## Task requirements
Your answer must be the lines from the top of the listing below through the line that holds "With reference to", retyped exactly, with no pictures.

## Data section
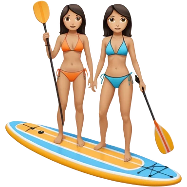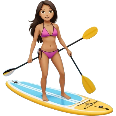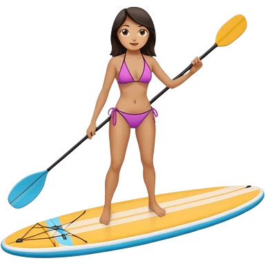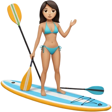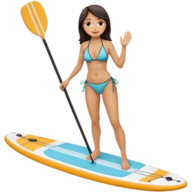 Dark haired white women on Standing paddle board in bikini emoji
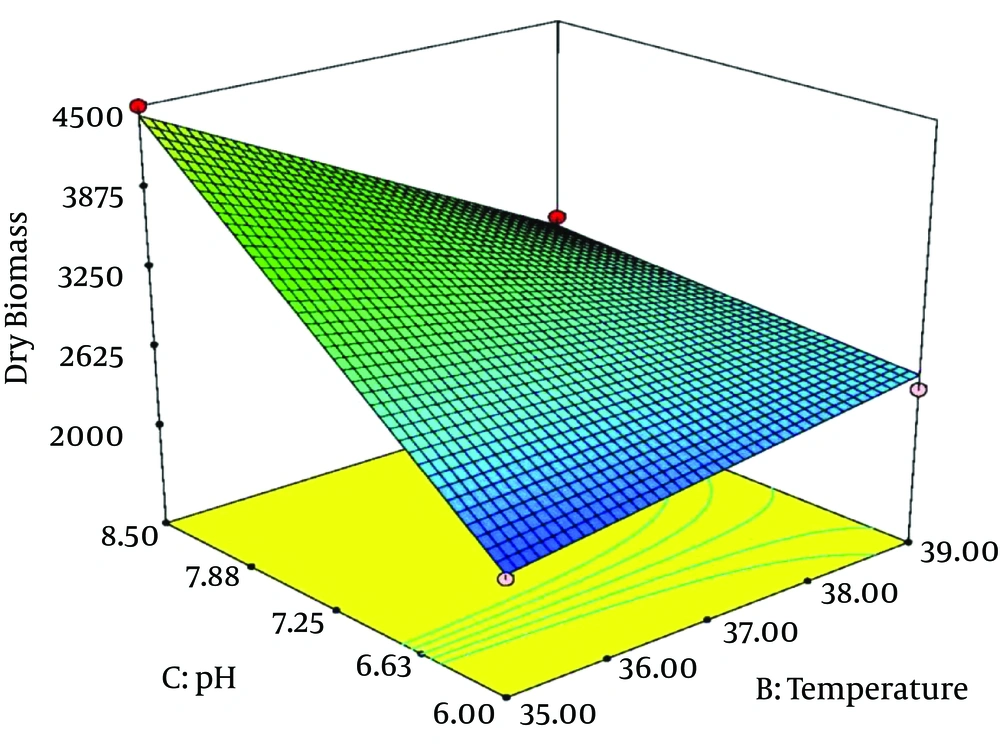 With reference to ANOVA data (Table 3), the pH of culture medium and temperature of incubation are very effective factors in the growth of Hib (p-value equal or < 0.0001). Takagi et al. (10) obtained about 4300 mg/L DCW of Hib (strain GB 3291) in a fermentor with overlay aeration, and 4900 mg/L DCW with 10% air saturated DOT (dissolved oxygen tension), without pH control, and proposed that Hib biomass production is better at low dissolved oxygen if pH is not controlled. Under our study’s conditions, the experiments were carried out in shaking flasks without air-sparged and uncontrolled pH, and we obtained about 5471 mg/L DCW of Hib biomass, after optimization of treatment factors by RSM. This reasonable yield of Hib biomass is in accordance what Takagi et al. (10) had proposed.
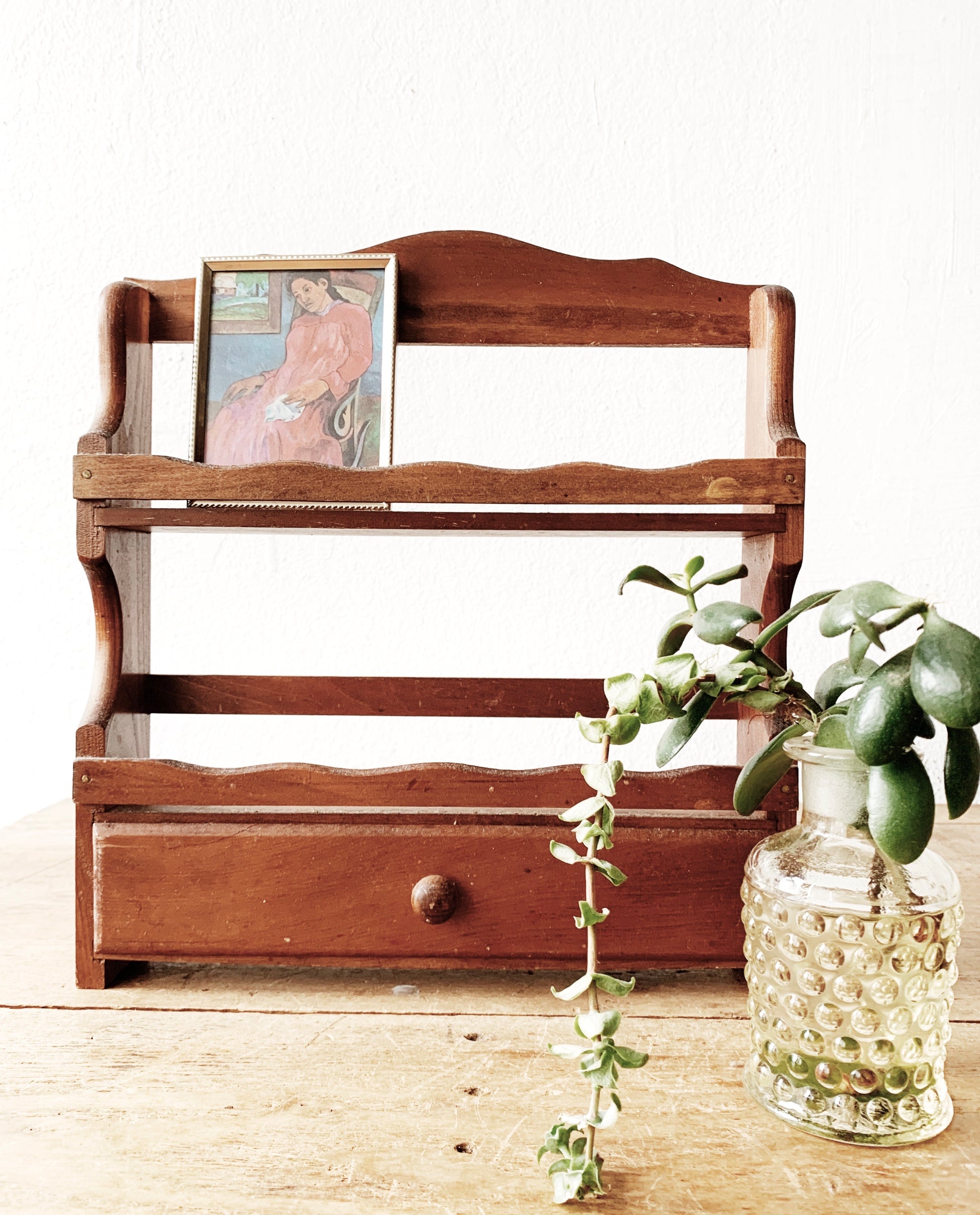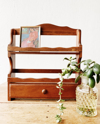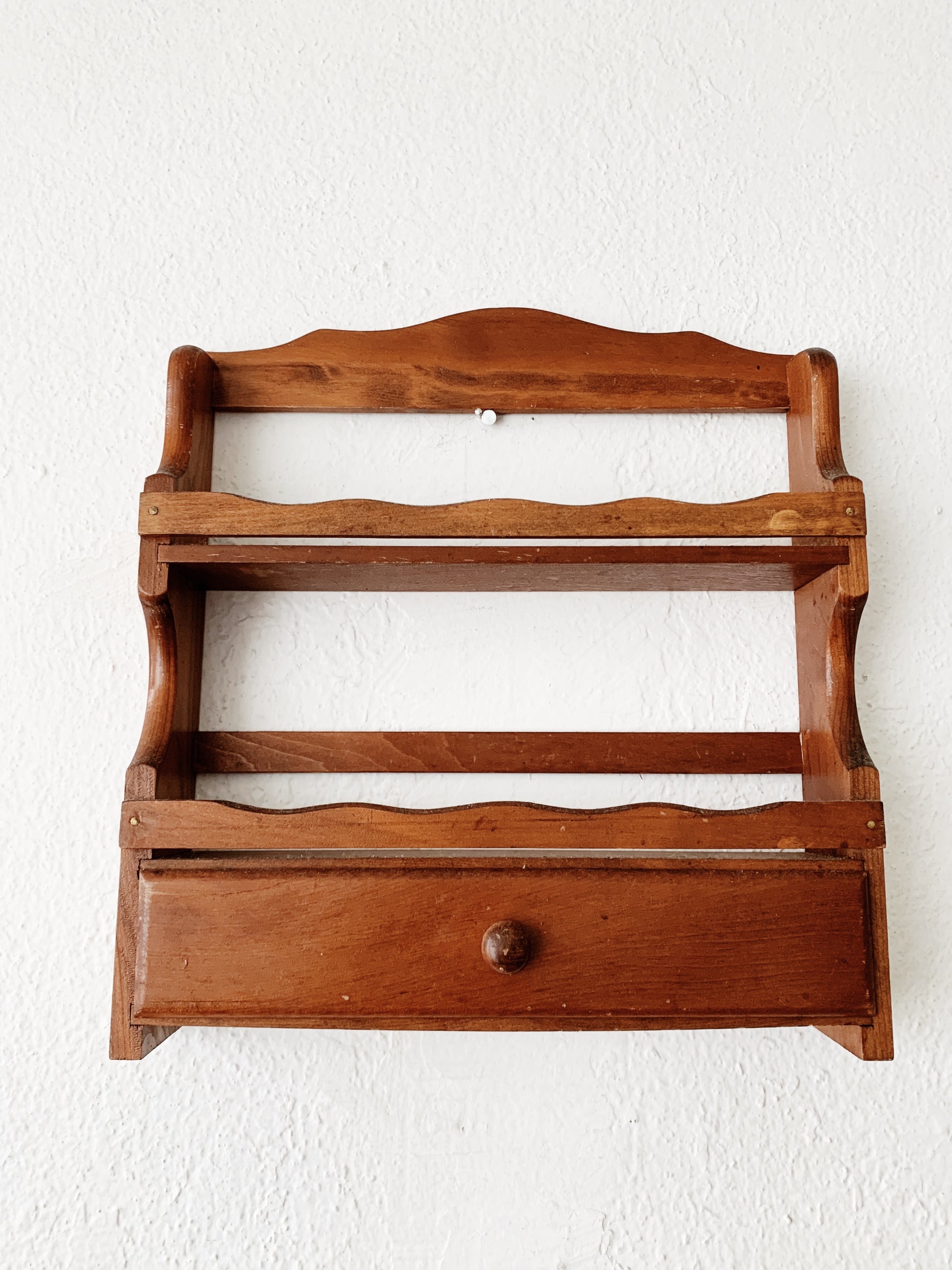 Wonderful vintage hanging wood spice rack with drawer. Pretty warm tone to the wood

## Answer to the problem
 Dark haired white women on Standing paddle board in bikini emoji
 With reference to ANOVA data (Table 3), the pH of culture medium and temperature of incubation are very effective factors in the growth of Hib (p-value equal or < 0.0001). Takagi et al. (10) obtained about 4300 mg/L DCW of Hib (strain GB 3291) in a fermentor with overlay aeration, and 4900 mg/L DCW with 10% air saturated DOT (dissolved oxygen tension), without pH control, and proposed that Hib biomass production is better at low dissolved oxygen if pH is not controlled. Under our study’s conditions, the experiments were carried out in shaking flasks without air-sparged and uncontrolled pH, and we obtained about 5471 mg/L DCW of Hib biomass, after optimization of treatment factors by RSM. This reasonable yield of Hib biomass is in accordance what Takagi et al. (10) had proposed.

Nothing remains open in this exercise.